- **Exercise aim**
Starting at the line that contains "Figure 1. Screenshots" and ending at the final line of the entries below, write out each line exactly as it appears, but omit the pictures.

Start of Block

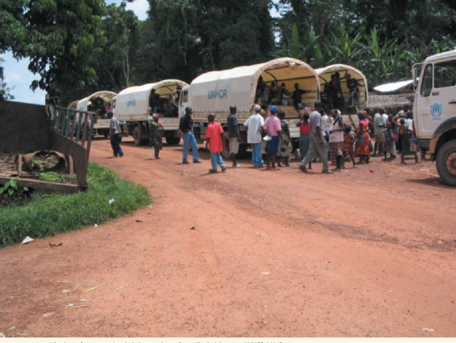
Liberian refugees starting their journey home from Albadariah camp.

Over the course of the year, over 66,000 new refugee attestations, serving as identification documentation, were issued to all registered refugees irrespective of age and sex (some 8,500 in Conakry, 12,500 in Kissidougou and 45,000 in Nzérékoré). This was an important step forward for camp-based refugees, whose only documentation until then had been their ration cards.
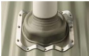
1. Effisus Stopper MR For circular penetrations
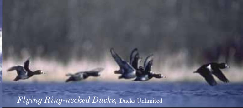
Flying Ring-necked Ducks, Ducks Unlimited

Eagle Island Marsh, Automotive Components Holdings
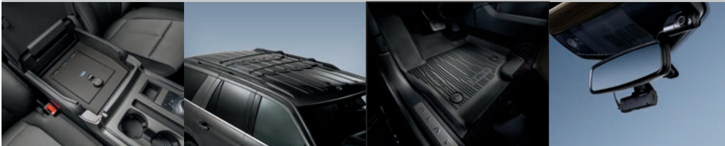
In-vehicle safe 2
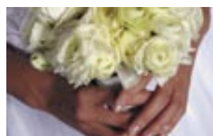
Weddings & Functions
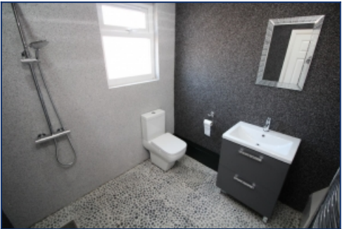
Bedroom 5 En-suite

A rare opportunity to enjoy high-end accommodation in a sought-after location. Enquire now to secure your place in this exceptional house share.
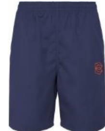
Pull on elastic waist shorts
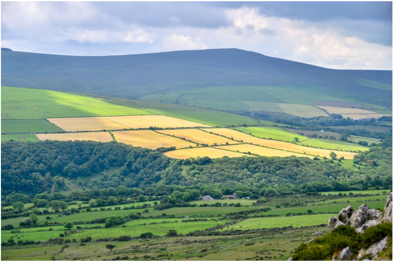
Hay time on the northern slopes of Foel Eryr, seen from Mynydd Carningli
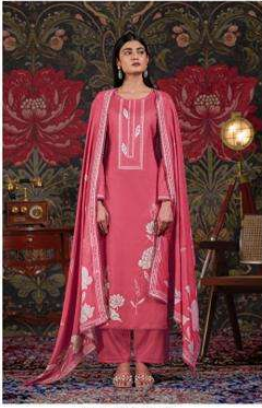
NE-C 2171 A
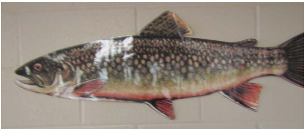
Fully grown trout
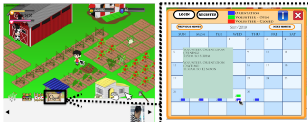
Figure 1. Screenshots of Farmer's Tale : game scene (left) and volunteer quest calendar (right).

In this paper, we took a different approach. Instead of designing a persuasive game for volunteerism from scratch and evolving the game play mechanics around the target behavior, we modeled our game “ Farmer's Tale ” (Figure 1) ( apps.facebook.com/farmerstale ) after an existing popular game on Facebook called Farmville . We inserted persuasive elements into the game by having a quest system which links virtual tasks to real world volunteer activities.
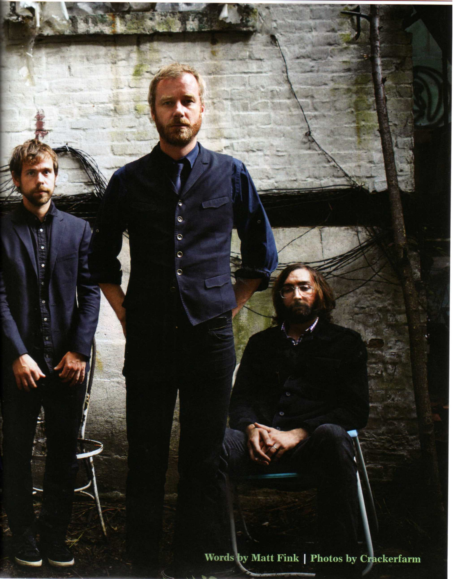
Words by Matt Fink

End of Block

- **Answer to the exercise**
Figure 1. Screenshots of Farmer's Tale : game scene (left) and volunteer quest calendar (right).

In this paper, we took a different approach. Instead of designing a persuasive game for volunteerism from scratch and evolving the game play mechanics around the target behavior, we modeled our game “ Farmer's Tale ” (Figure 1) ( apps.facebook.com/farmerstale ) after an existing popular game on Facebook called Farmville . We inserted persuasive elements into the game by having a quest system which links virtual tasks to real world volunteer activities.
Words by Matt Fink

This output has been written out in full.